Abstract
Background and objectives
Cardiac surgery associated acute kidney injury can lead to increased morbidity, mortality, and hospitalization. The available risk assessment tools have limited predictive ability. Machine learning has been increasingly utilized to predict acute kidney injury in cardiac surgery patients in recent times due to its ability to handle complex clinical data.
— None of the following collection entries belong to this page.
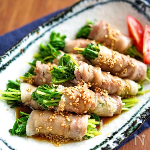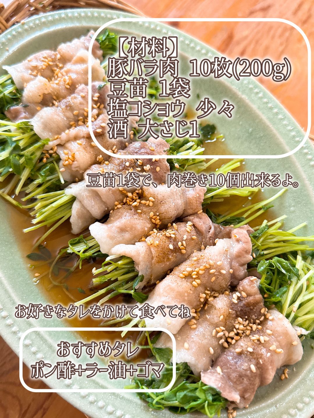 レンチン5分!豆苗の豚肉巻き😋。
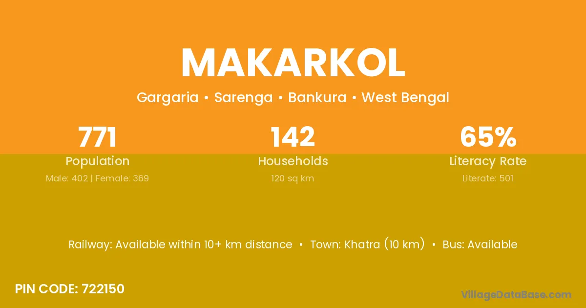 Bankura (23 km) is the nearest town to Makarkol village for major economic activities and is located approximately 23 km away.
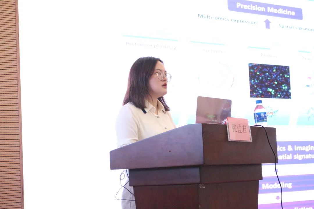 深圳华大生命科学研究院张佳君博士介绍了时空组学技术及前沿应用。时空转录组技术基于DNA纳米球开发,是具有高通量、超高分辨率、大视场的原位全景式技术,可以实现同一样本在组织、细胞、亚细胞、分子“四尺度“同时进行空间转录组分析。该技术可以实现组织原位测序,可应用于肿瘤研究、免疫研究、发育生物学、脑神经学、病理研究等,为了解细胞的基因表达及形态与局部环境之间的关系建立强大的研究基础。
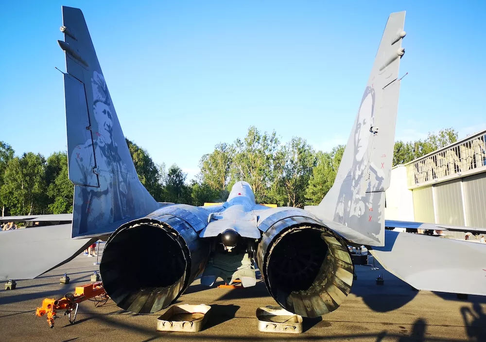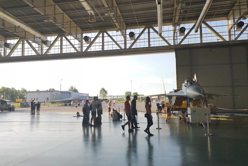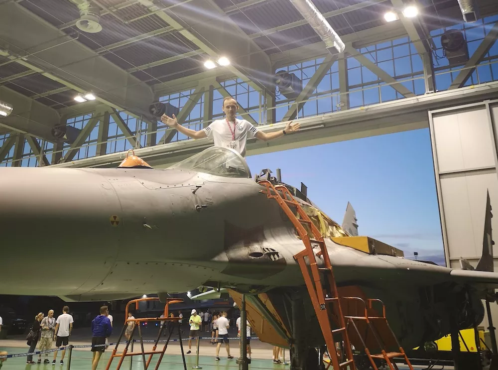 Brzmi świetnie, a w rzeczywistości było jeszcze lepiej, bo znalazłem się wśród samolotów MiG 29 ustawionych wewnątrz i przed hangarem.
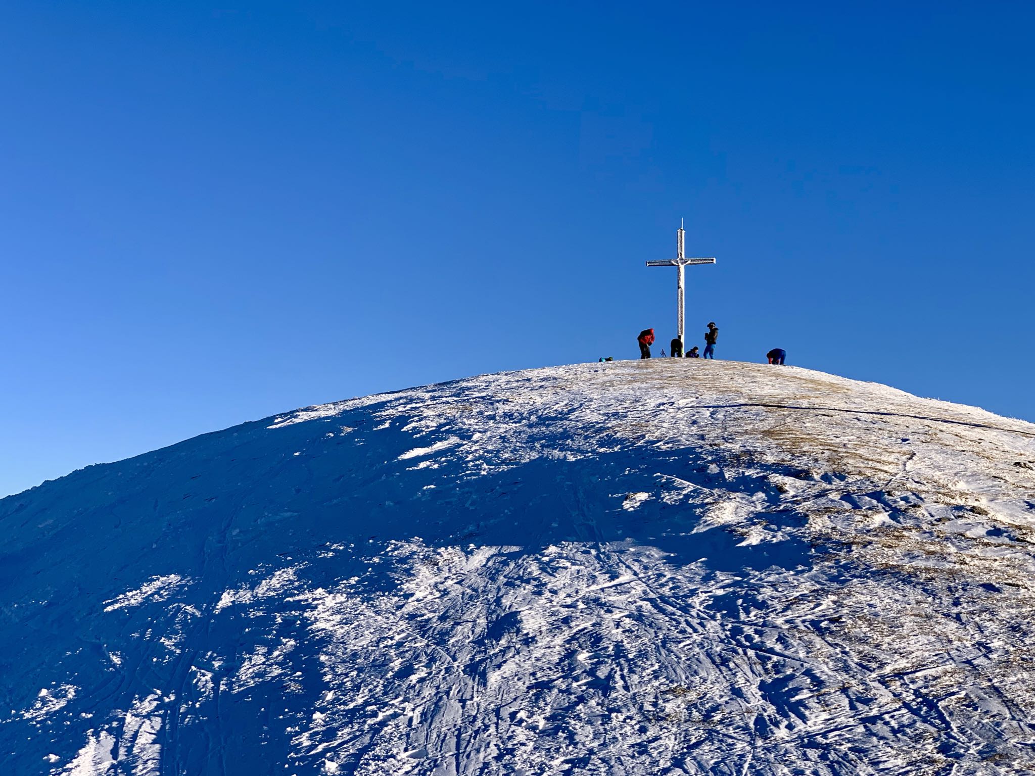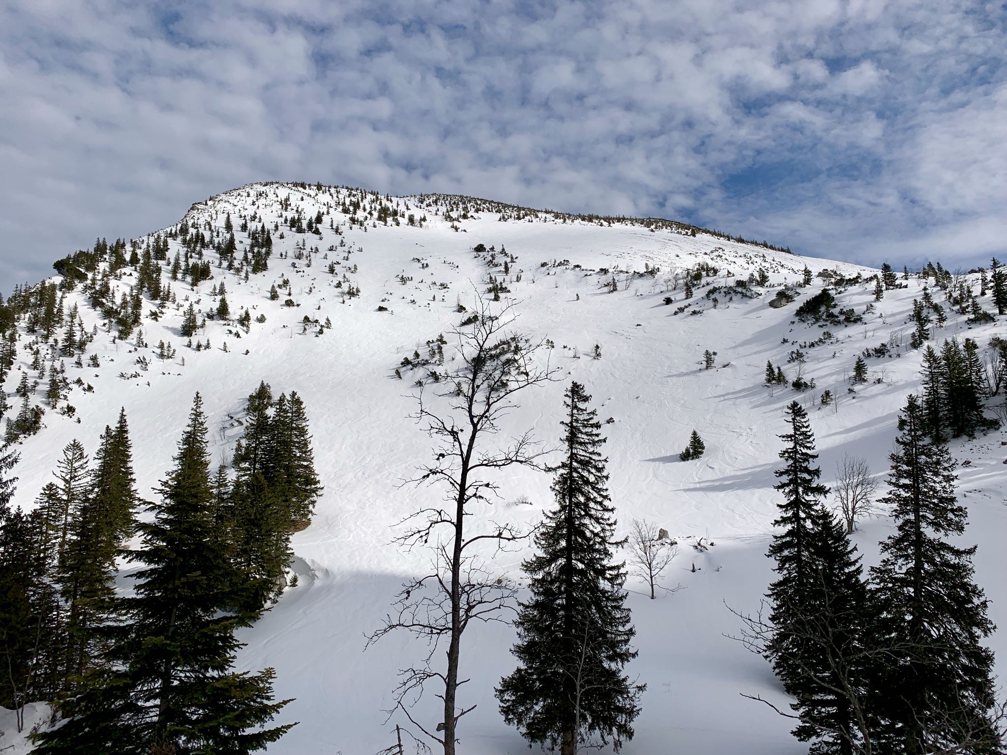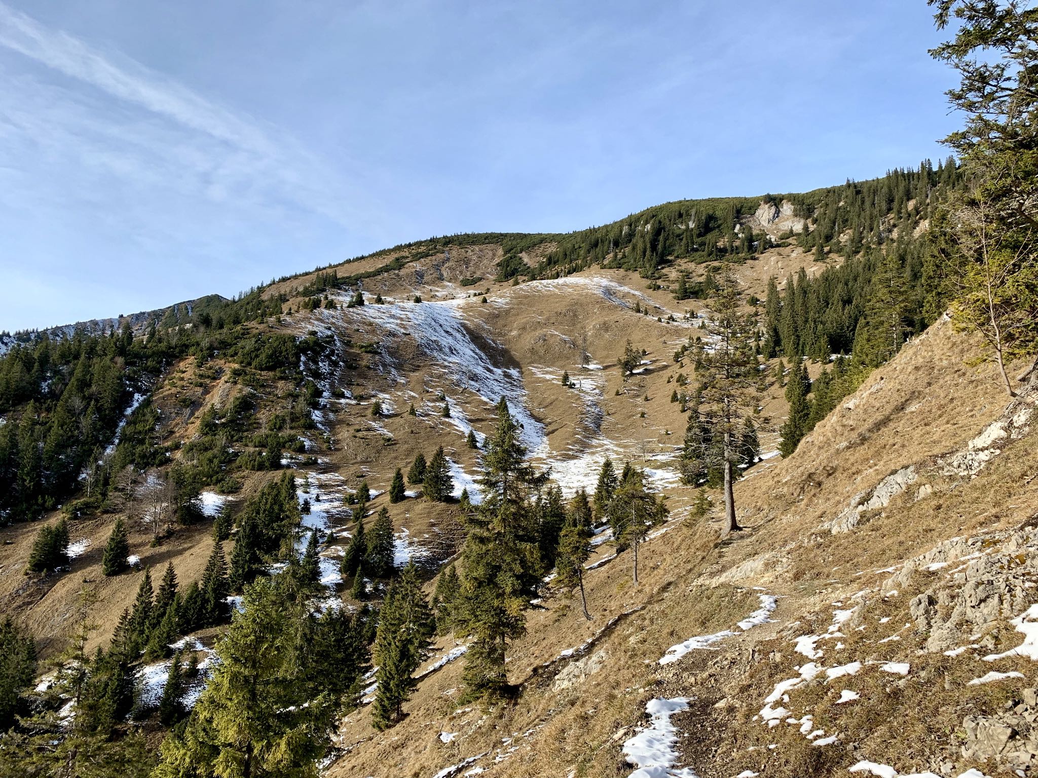 Sonstiges: Vom WP Hohenburg (725m) auf dem Sträßchen an Lasseln vorbei dem Wegweiser „Mariaeck“ folgend Richtung SO auf die Alpelwand zu. Südlich davon in einigen Kehren grob dem Alpelgraben Richtung O folgend zum aussichtsreich gelegenen Alpel (1206m) hinauf. Von dort Richtung SO zum Mariaeck, der Einsattelung zwischen Seekarkreuz im Norden und Schönberg im Süden. Westlich unterhalb davon Richtung SSW steil und teils eng zwischen einigen Felsen hindurch auf den kreuzlosen Schönberg (1621m) hinauf. Zurück wieder Richtung Mariaeck hinunter und, wo die Aufstiegsspur von NW heraufzieht, geradeaus Richtung NO auf das Mariaeck (1469m) und weiter auf der Zimmerleite Richtung NO zur Rauhalm (1400m) hinab. Die Richtung beibehaltend Richtung Brandkopf hinauf und unterhalb davon in weitem Linksbogen auf den NO-Rücken des Seekarkreuz und hinauf zum großen Gipfelkreuz (1601m). Runter Richtung N in den lichten Wald hinein und rechts haltend in den großen 35° Hang. An der Seekarstrasse (Forstweg) über den Sulzbach hinweg etwas nach NO und dann westlich des Stickelbergs durch die Lichtung Richtung WNW, nach einer weiteren Forststrasse immer Richtung WNW durch den Wald, bis wir unten in der Nähe des Sommerwegs den Forstweg treffen, der zum PP zurück führt.
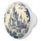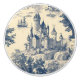 Patrón de tela de jouy en azul profundo mediterráneo sobre fondo crema. Un romántico castillo francés cerca del mar con velero y paisaje. Patrón de herramientas clásico.
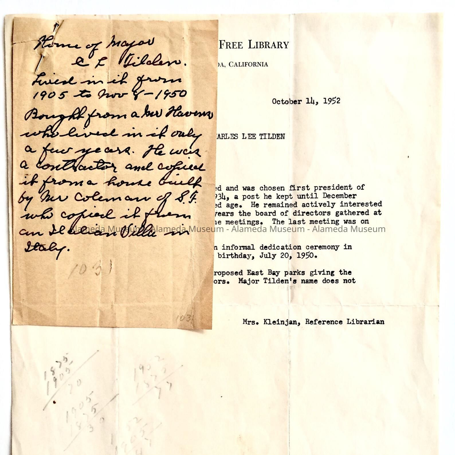 ONE-PAGE TYPEWRITTEN INFORMATION SHEET ON ALAMEDA FREE LIBRARY STATIONERY, DATED OCTOBER 14, 1952.
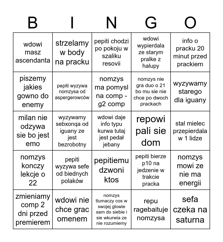 This bingo card has a free space and 24 words: pepiti wyzywa sefe od biednych polaków, wdowi nie chce grac omenem, nomzys ma pomysl na comp - g2 comp, zmieniamy comp 2 dni przed premierem, info o pracku 20 minut przed prackiem, wdowi masz ascendanta, piszemy jakies gowno do enemy, strzelamy w body na pracku, repowi pali sie dom, pepitiemu dzwoni ktos, nomzys nie gra duo o 21 bo mu sie nie chce po dwoch prackach, milan nie odzywa sie bo jest emo, pepiti bierze p10 na jedzenie w trakcie pracka, nomzys mowi ze nie ma energii, pepiti wyzywa nomzysa od aspergerowców, repu ragebaituje nomzysa, stal mielec przepierdala w 1 lidze, pepiti chodzi po pokoju w szaliku resovii, wyzywamy starego dla iguany, wyzywamy sebxonqa od iguany ze jest bezrobotny, sefa czeka na saturna, nomzys konczy lekcje o 22, wdowi wypierdala ze starym pralke z halupy and nomzys tlumaczy cos w swojej glowie sam do siebie i sie wkurwia ze nie rozumiemy.
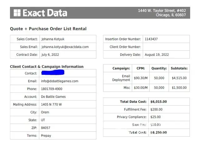 My organization purchased the business mailing lists from the company Exact Data Consumer Base. The rep was useful and provided all warranties and told to contact if we had any problems. Yes, we had problems, because these lists were unsecure and we couldn’t send the info. So everything was opposite and no security at all. These people are scammers and...
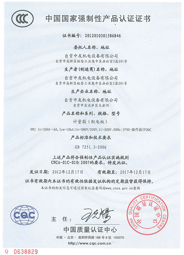 中國國家強制性產(chǎn)品認證證書
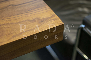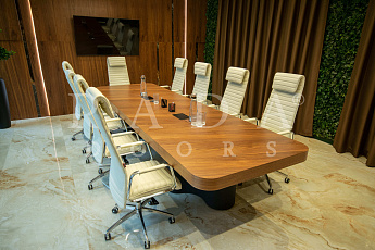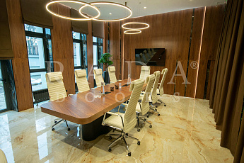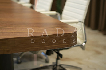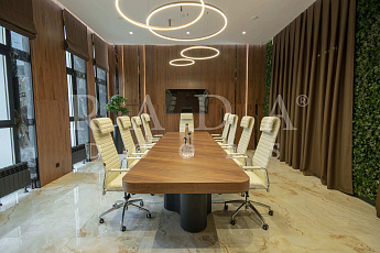 Для дополнительного великолепия переговорной комнаты наша компания изготовила стол из натурального шпона Американского ореха без тонировки с толщиной столешницы 10 см!
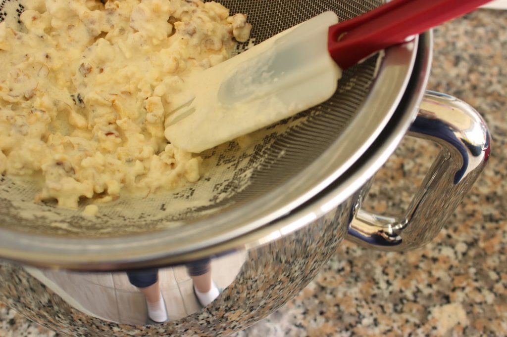 13. לאחר שהשמנת עם הפופקורן עמדה מספיק זמן במקרר, מסננים לתוך קערת המיקסר. “דוחפים” את הפופקורן לתוך המסננת בעזרת כף או לקקן, על מנת לאפשר לכמה שיותר שמנתלעבור. את הפופקורן המושרה זורקים או אוכלים (מי אכל את זה בכלל? בטח לא אני).
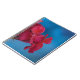 Red geranium on a blue background. The bright cover will lift your spirits and set you in a study or work mood.
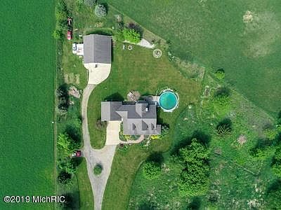 ing 5 + bedroom home nestled on 4.11 acres in Award winning Byron Center school system. The modern kitchen with a large eating area is a gathering place. The living room features vaulted ceilings, large windows for lots of natural light and large field stone fireplace. The master suite and laundry are on the main floor for convenience. The upper level has 2 more bedrooms and a great view from the lofted hallway. The lower level feature 2 more bedrooms and a full bath. Basement is totally finished with in wall surround sound system and bar for entertaining. There is also a large area for storage or can be used as a wine cellar. Enjoy the quiet of the yard from the large wrap around porch or the above ground pool. A 30 x 40 pole barn with electric, loft, roughed-in plumbing is a real bonus to this home. New cement driveway is a nice addition.

However, its predictive value remains uncertain. This study evaluates the predictive performance of machine learning models for acute kidney injury post-cardiac surgery.
Methods
A systematic review and meta-analysis was conducted by searching Web of Science, PubMed, Science Direct, Google Scholar, Scopus, and Cochrane Library up to 31st December 2025. PRISMA guidelines were followed. Included studies were assessed for machine learning model performance and acute kidney injury predictors, with effect measures including area under the receiver operator characteristic curve (AUC), sensitivity, and specificity. Pooled estimates were calculated using a random-effects model with 95% confidence intervals. Risk of bias was assessed using PROBAST. The meta-analysis in our study was performed using R version 4.5.0.
Results
The systematic search yielded 45 studies that met our inclusion criteria, encompassing 13 distinct model types, which include 81 models for training and 162 for validation. The overall pooled AUC was 0.83 (95% CI: 0.79–0.85) in the training and 0.76 (95% CI: 0.75–0.78) in the validation cohorts. Pooled sensitivity and specificity in the training dataset were 0.75 (95% CI: 0.71–0.79) and 0.81 (95% CI: 0.72–0.87), respectively. In the validation dataset, pooled sensitivity was 0.61 (95% CI: 0.53–0.69), while specificity was 0.82 (95% CI: 0.77–0.86). Analysis showed an overall 44.4% high risk of bias, particularly due to the analysis domain of PROBAST.
Conclusion
This study suggests that machine learning based models could potentially serve as a viable framework for predicting the risk of post-cardiac surgery AKI, however, highlighting the need for model optimization and validation in a diverse population before clinical implementation.